4.1 Discussion on Plots Generated
Using the information in the DAFx book chapter by Arfib, Keiler, and Zölzer [3], implementing an LPC synthesis filter was quite easy. Of course, the biggest difference between the implementation documented in section 3.1 and the implementation in the DAFx book chapter is the use of the MATLAB lpc function. The DAFx book chapter used their own custom function to calculate the prediction coefficients. A test was run to see if there was any difference between the two functions and found that both returned the same coefficients. So at first glance, it seemed unnecessary to use the custom function mentioned in the book chapter, and initial plots were generated using the MATLAB lpc function and similar results as the book chapter were generated.
However, upon closer inspection of the book chapter, it was found that this custom function was written because the authors wanted to retrieve the additional gain factor inherent in the implementation. The MATLAB lpc function returns only the coefficients and the variance of the prediction error. The first part of the book chapter however did not mention the gain in their first example, so it had seemed unnecessary. However in their next examples, it was quite useful to visualize how closely the synthesis filter response followed the input signal’s spectral envelope.
As well, at first glance the additional pre-samples that were pulled from the original signal and then subsequently removed seemed unnecessary. After running a test without them, it was seen that they were necessary to plot the prediction error in the same way as seen in the paper. Without the pre-samples, there were several samples of large prediction errors at the start of the plot. So the pre-samples shown in the book chapter were kept in the final code.

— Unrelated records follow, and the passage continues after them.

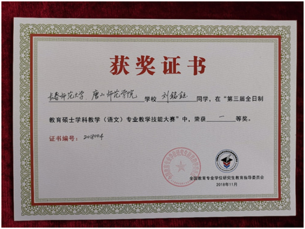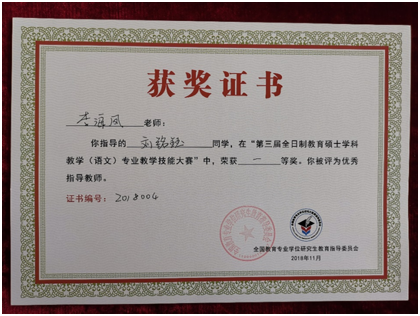 我系学科教学(语文)研究生参加全国教学技能大赛为学校赢得荣誉
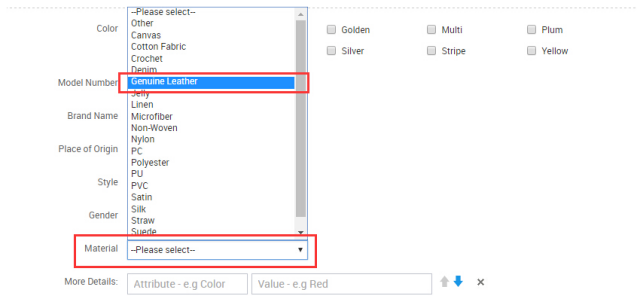 點擊Genuine Leather后篩選出的產(chǎn)品中,系統(tǒng)屬性里的“材質(zhì)”都會出現(xiàn)Genuine Leather。
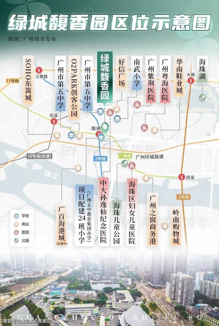 位于广州海珠区海珠湾心地带,紧邻地铁 2 号线和广佛线的换乘站南洲站,东邻繁华的珠江新城,西靠广佛线,遥望广州塔、海心沙等知名地标
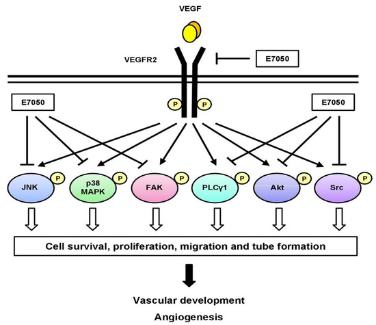 Schematic diagram of a proposed mechanism of E7050-induced anti-angiogenic activity. E7050 exerts anti-angiogenic effects in VEGF-stimulated endothelial cells by downregulating the phosphorylation of VEGFR2 and its downstream mediators, including PLCγ1, FAK, Src, Akt, JNK, and p38 MAPK. The blockage of VEGFR2-mediated signaling cascade pathways by E7050 contributes to the inhibition of proliferation, migration, and tube formation in endothelial cells.

4.2 Discussion on LPC Speech Synthesis
Implementing the LPC speech synthesis was the most challenging aspect to this project. When first attempting to implement the block diagram shown in figure 2.1, it was not clear how the voiced/unvoiced switch shown worked. The first attempt at synthesizing speech based on the input signal’s prediction coefficients used a mixture of pulses and white noise, which did not generate good results. The next attempt used only pulses, which ended up generating some interesting percussive sounds, but not the recreation of the input signal that was predicted. Finally just the white noise was used, but the prediction order was too low and did generate a sound that was expected. Increasing the prediction order finally helped create a sound that was expected, but a lot of trial and error was used in order to create it.

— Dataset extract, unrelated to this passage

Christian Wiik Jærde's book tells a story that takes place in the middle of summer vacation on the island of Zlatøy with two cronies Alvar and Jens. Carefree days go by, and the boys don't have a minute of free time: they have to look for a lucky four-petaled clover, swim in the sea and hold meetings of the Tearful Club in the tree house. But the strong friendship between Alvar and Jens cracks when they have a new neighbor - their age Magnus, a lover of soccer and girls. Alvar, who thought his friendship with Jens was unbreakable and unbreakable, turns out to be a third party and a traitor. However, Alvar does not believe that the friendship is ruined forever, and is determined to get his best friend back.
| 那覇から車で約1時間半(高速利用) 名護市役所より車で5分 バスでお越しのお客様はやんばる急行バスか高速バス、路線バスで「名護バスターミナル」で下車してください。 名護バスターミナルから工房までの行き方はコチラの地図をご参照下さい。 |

Some future study in this would be to implement the model to work with full phrases like the paper by Atal and Hanauer showed results for [4]. This would be a good way to compare the implementation with the results in the paper.
Chapter 5
Conclusion
In conclusion, the theory behind LPC was presented and some applications of the tool based on research in the field was presented. An LPC synthesis filter was created with the research by Arfib, Keiler, and Zölzer [3]. This LPC synthesis filter was then used to create a rudimentary speech synthesizer using the research by Atal and Hanauer [4]. The results of this were analyzed and discussed. From this brief look at the topic, it is clear that LPC is a useful, multi-faceted tool with many applications.
Bibliography
[1] Wai C. Chu. Speech Coding Algorithms, chapter Linear Prediction, pages 91–142. John Wiley & Sons, Inc., 2004.

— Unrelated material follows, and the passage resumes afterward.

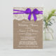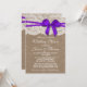 Purple Bow Rustic Burlap & Lace Wedding Shower Invitation
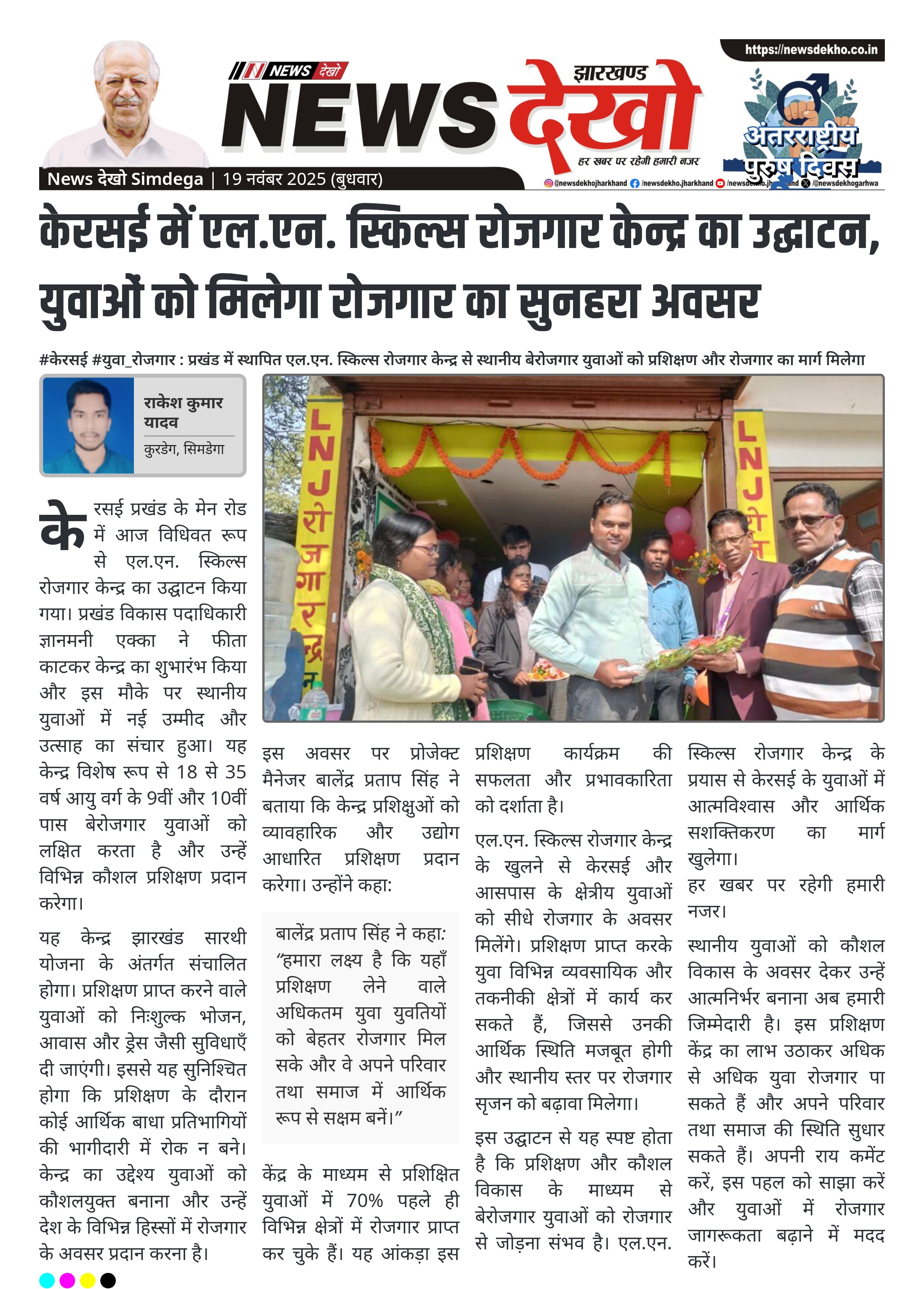 न्यूज़ देखो: एल.एन. स्किल्स रोजगार केन्द्र से क्षेत्रीय युवाओं को मिलेगा आत्मनिर्भर बनने का अवसर

[2] J. Makhoul. Linear prediction: A tutorial review. Proceedings of the IEEE, 63(4):561–580, April 1975.
[3] D. Arfib, F. Keiler, and U. Zölzer. DAFx: Digital Audio Effects, chapter Source-filter Processing, pages 299–372. John Wiley & Sons, Ltd, 2004.
[4] B. S. Atal and Suzanne L. Hanauer. Speech analysis and synthesis by linear prediction of the speech wave. The Journal of the Acoustical Society of America, 50(2B):637–655, 1971.